Istio recently announced “ambient mesh”—an experimental, “sidecar-less” deployment model for Istio. We’ve written about sidecar vs. sidecar-less recently in the context of getting the most performance and resiliency out of the service mesh. In this article, we’ll present our take on ambient mesh in particular.
If you want to get started with a production-ready Istio distribution today, try Tetrate Istio Distro (TID). TID is a vetted, upstream distribution of Istio that is simple to install, manage, and upgrade with FIPS-certified builds available for FedRAMP environments. If you need a unified and consistent way to secure and manage services across a fleet of applications, check out Tetrate Service Bridge (TSB), our comprehensive edge-to-workload application connectivity platform built on Istio and Envoy.
What Is Ambient Mesh?
Ambient mesh is an experimental new deployment model recently introduced to Istio. It splits the duties currently performed by the Envoy sidecar into two separate components: a node-level component for encryption (called “ztunnel”) and an L7 Envoy instance deployed per service for all other processing (called “waypoint”). The ambient mesh model is an attempt to gain some efficiencies in potentially improved lifecycle and resource management—at least, that’s the motivation.

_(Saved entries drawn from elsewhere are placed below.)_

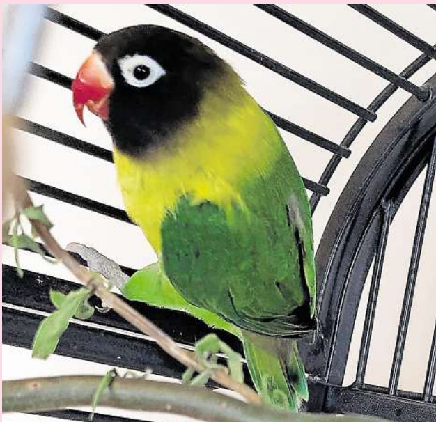
Sucht ein Zuhause mit möglichst großer Voliere: der Papagei, dessen Geschlecht noch nicht feststeht.

Interessenten können sich ab sofort melden unter der Hotline (05105) 7736777.
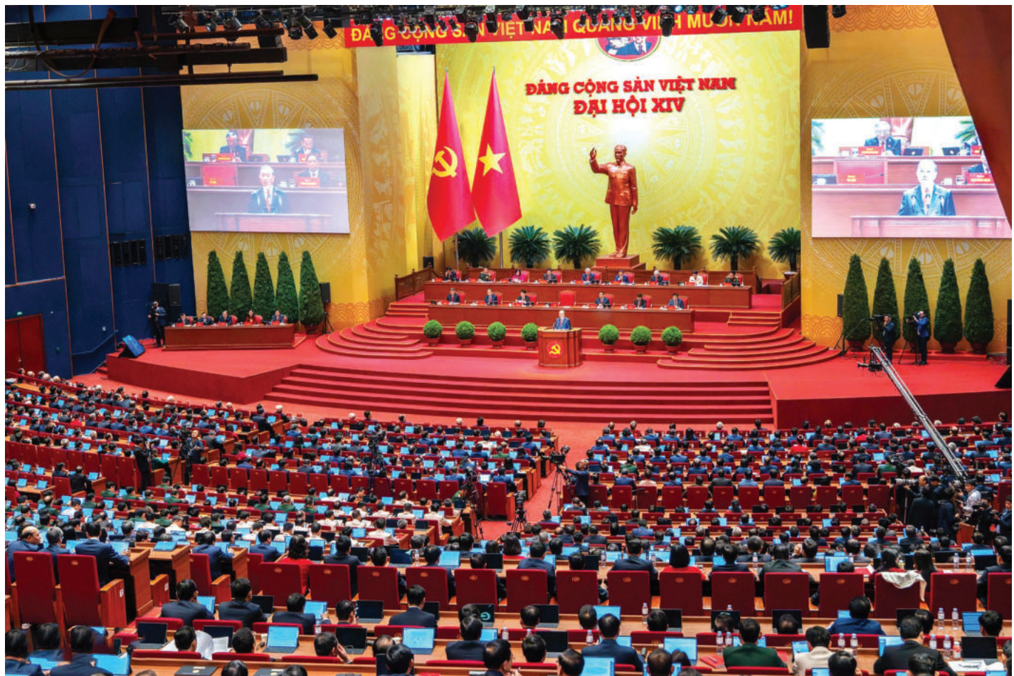
► Lễ khai mạc Đại hội đại biểu toàn quốc lần thứ XIV của Đảng, ngày 20/01/2026.
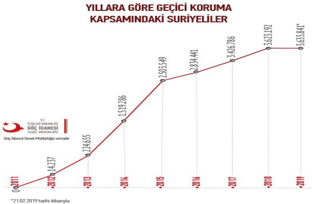
Tablo 1: Göç İdaresi Genel Müdürlüğü, 2019

(Göç İdaresi Genel Müdürlüğü Erişim Tarihi: 09.03.2019)
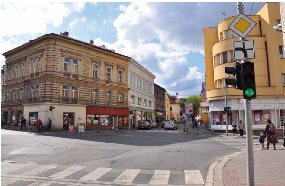
V těchto místech končil středověký Kolín branou Horskou. Směrem k nově vzniklému nádraží ležely do té doby jen předměstské dvory, ale expanze výstavby obytných domů na sebe od poloviny 19. století nenechala dlouho čekat. Spojnice železničního uzlu a centra města se velice brzy ukázala jako místo číhajícího ruchu.
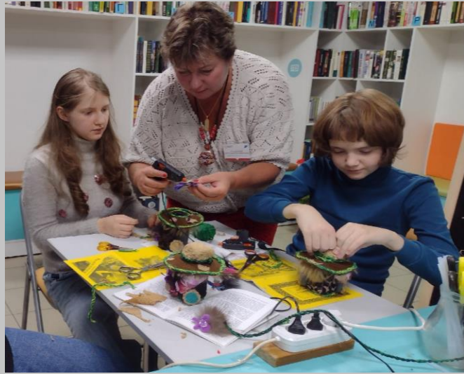
Мероприятия модельных библиотек по «Пушкинской карте»
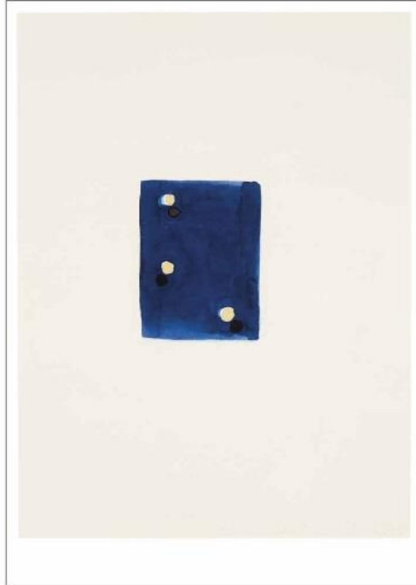
Juan Uslé, Lunada , 1995, aquarelle sur papier, 30,5 x 22,9 cm.
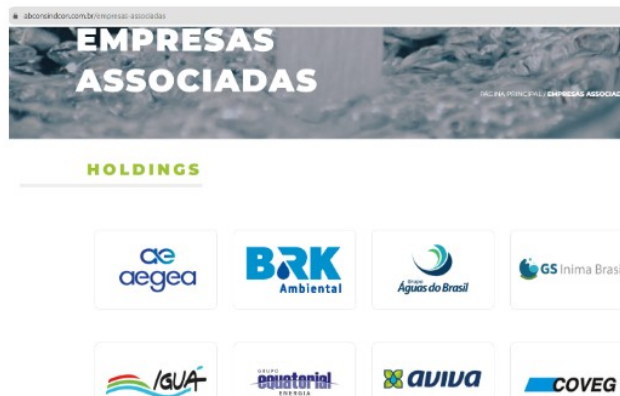
Figura 2 – Cópia de parte da página da ABCON SINDCON para as empresas associadas, onde constam as que serão alvo da fiscalização pelos comitês de monitoramento.

Se possível solicitar apoio do Ministério Público do Rio de Janeiro para assegurar que não haja irregularidade no processo.
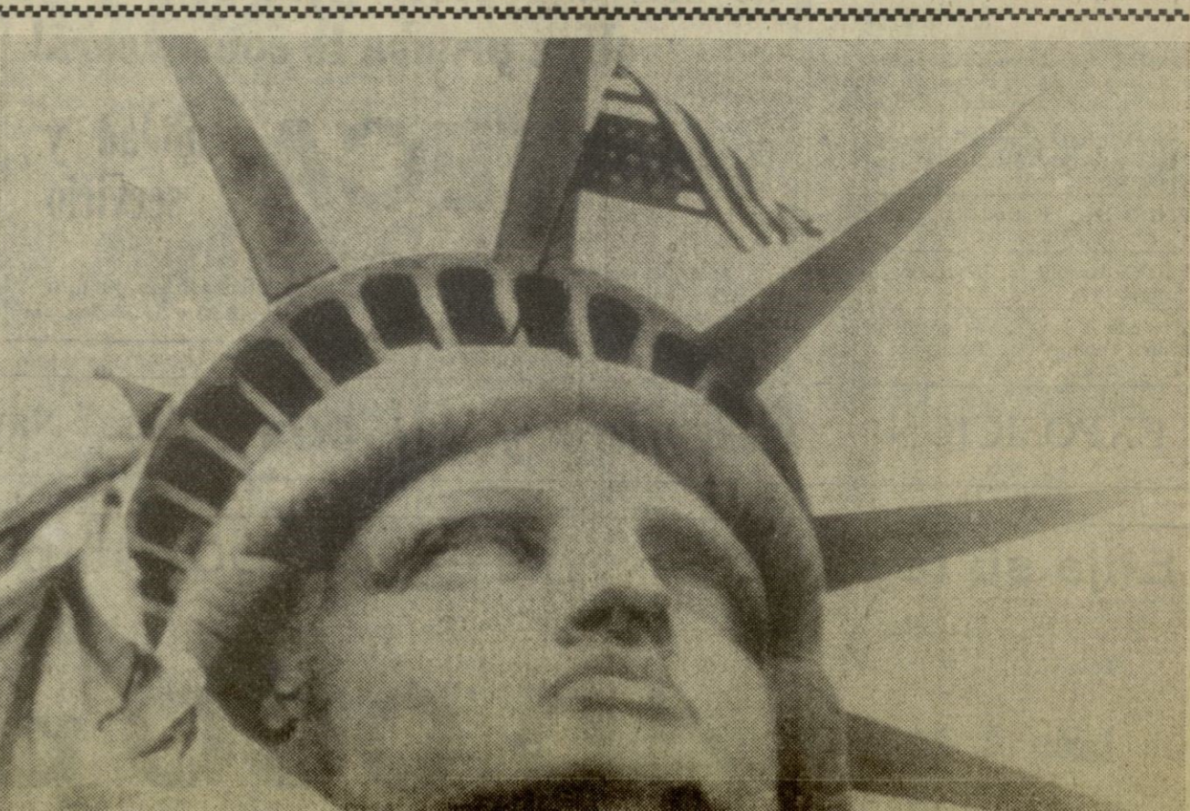
Veteranos de la guerra se concentran en dentro de la Estatua de la Libertad en Nueva York para protestar contra la violencia.

Why Should I Care about Ambient Mesh?
For the majority of service mesh users, the exact deployment model of the Istio data plane is a choice that you probably don’t need to think too hard about. The default is probably fine. For some service mesh users, specifically those who have large, horizontally-scaled footprints of a small number of services—where the waypoint architecture gains the most efficiency—the ambient mesh model will be useful as it matures into production-ready infrastructure software.

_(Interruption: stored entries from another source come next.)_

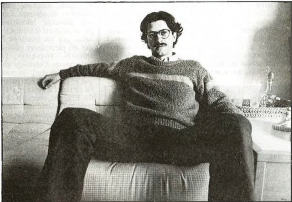
L'educació sexual ha estat incorporada en pocs llocs amb encert...

Només hi afegiré que cal una reflexió personal o en grup, abans de ficar-s'hi, i que s'ha de tenir molt en compte el tipus de persones a qui va adreçada l'experiència.
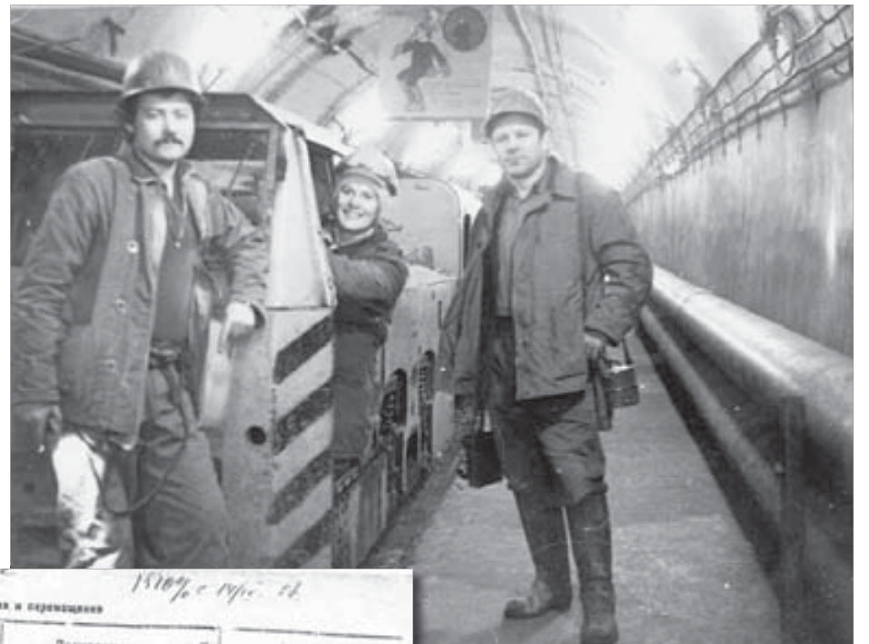
Трудилась наравне с мужчинами

Начальник отдела кадров стал думать. Бурильщик не для меня. Тяжело. Сошлись, что буду работать скреперистом на добыче. Так с 11 октября 1955
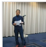
追悼：巨匠逝く！ 22時間前
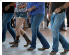
VITAL & AKTIV – fit bleiben
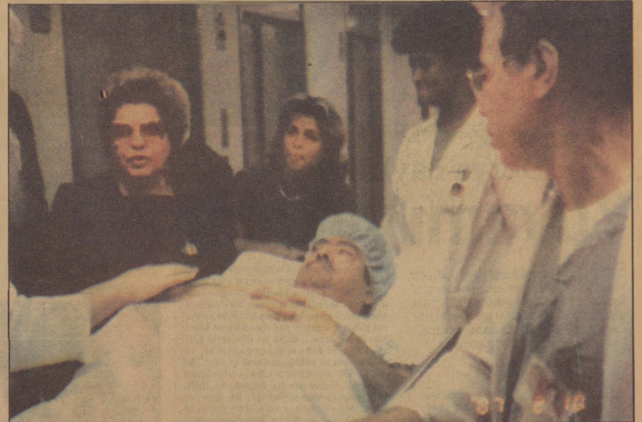
Başbakan Turgut Özal by-pass ameliyatına gidiyor. Başucunda eşi Semra Özal ve kızı Zeynep Başbakan'a sürekli moral veriyor. Ameliyathaneye girildikten sonra ünlü kalp cerrahı Deba-key'in başkanlığındaki 10 kişilik ekip 2.5 saat süren başarılı bir
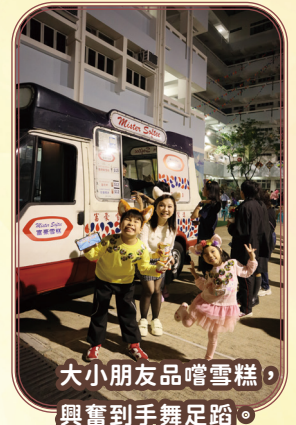
大小朋友品嚐雪糕，興奮到手舞足蹈。
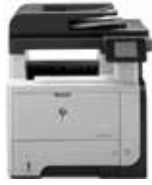
HP LaserJet Pro MFP M521dn
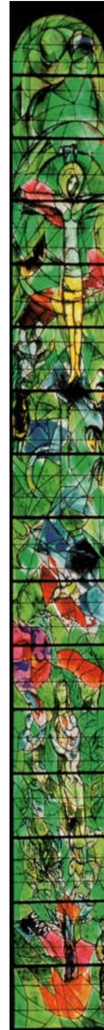
Chagall ramen in Fraumünsterkirche Zürich. Het Jacobsraam.
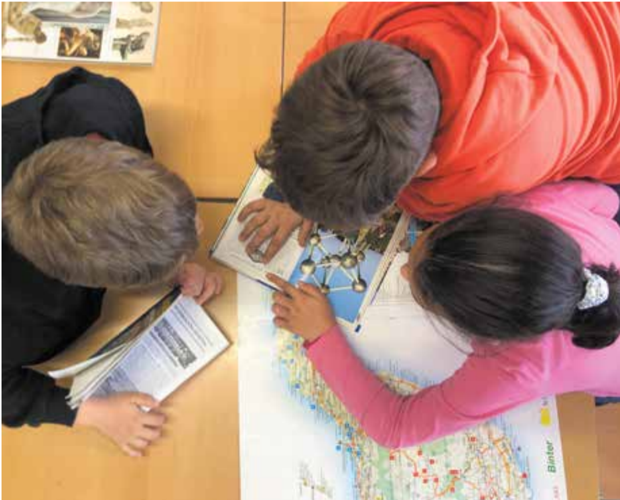
© Practiquem la lectura coneixent ciutats i països d'arreu del món.
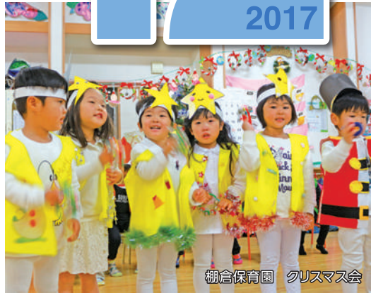
棚倉保育園 クリスマス会
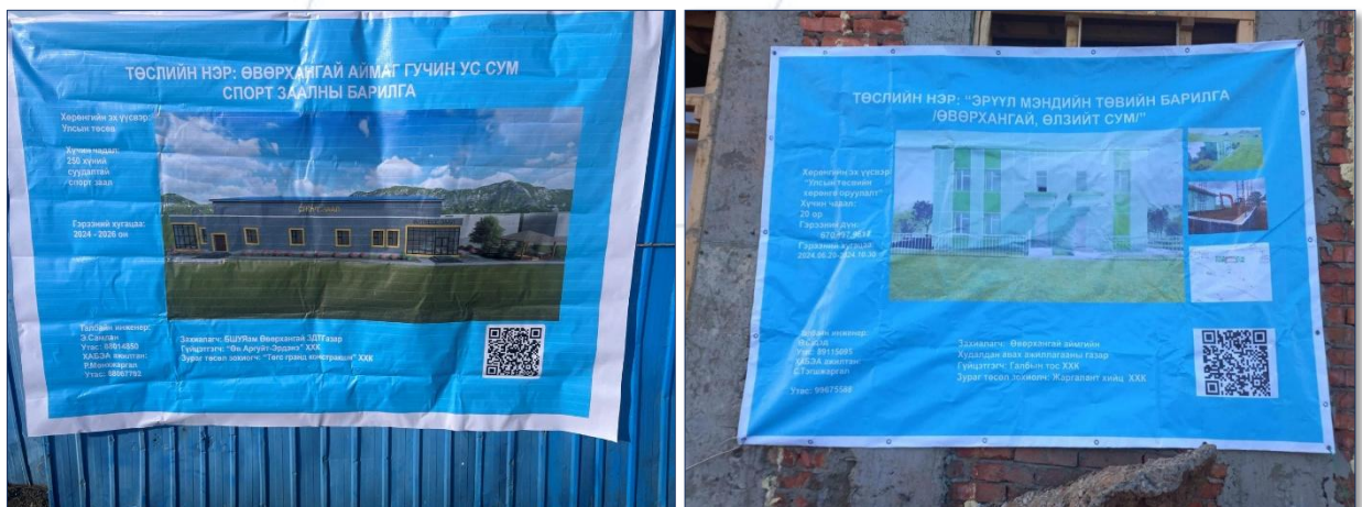
Зураг 5. Шаардлага хангаагүй мэдээллийн самбарын зураг
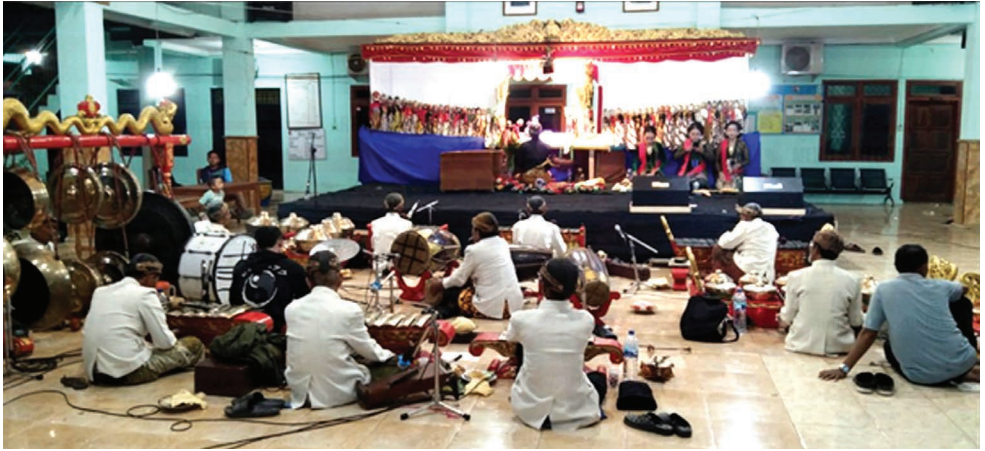
Pertunjukan Seni Wayang Tengul, salah satu bagian dari tradisi nyadran/manganan .

Seluruh tokoh ini kini dikenal sebagai leluhur atau dahyang di tempat masing-masing. Belakangan, setiap Selasa Kliwon, masyarakat menggelar ritual manganan ( nyadran ) alias sedekah bumi setelah panen raya. Urutannya mengikuti jejak para leluhur: dimulai dari Mori, Ledok, Campurrejo, Kalirejo, lalu Kendalrejo.
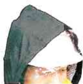
ヘルメットのまま装着可能

- The ambient mesh deployment model makes some trade-offs versus the sidecar model, especially regarding lifecycle management, resource utilization, troubleshooting, and security posture. One is not clearly better than the other.
- Ambient mesh is an experiment that won’t be production ready until 2023 at the earliest—i.e., don’t build on it yet. Today, performance is worse, it’s less featureful, and extensively used technology like CNI has undefined behavior. However, we expect this situation to improve rapidly as the implementation is hardened in the coming months.
- Much of the mesh functionality you care about—like per-request traffic management and security controls, distributed tracing, and application-level RED metrics—happens in L7. It’s not yet clear how broadly applicable the L4-only part of ambient mesh will be and to what extent breaking out these data plane duties will help drive mesh adoption.
The rest of this post is our take on the tradeoffs of the ambient model compared to Istio’s existing sidecar deployment model and which one might be right for you and when.
How Does L4 and L7 Processing Work in Istio?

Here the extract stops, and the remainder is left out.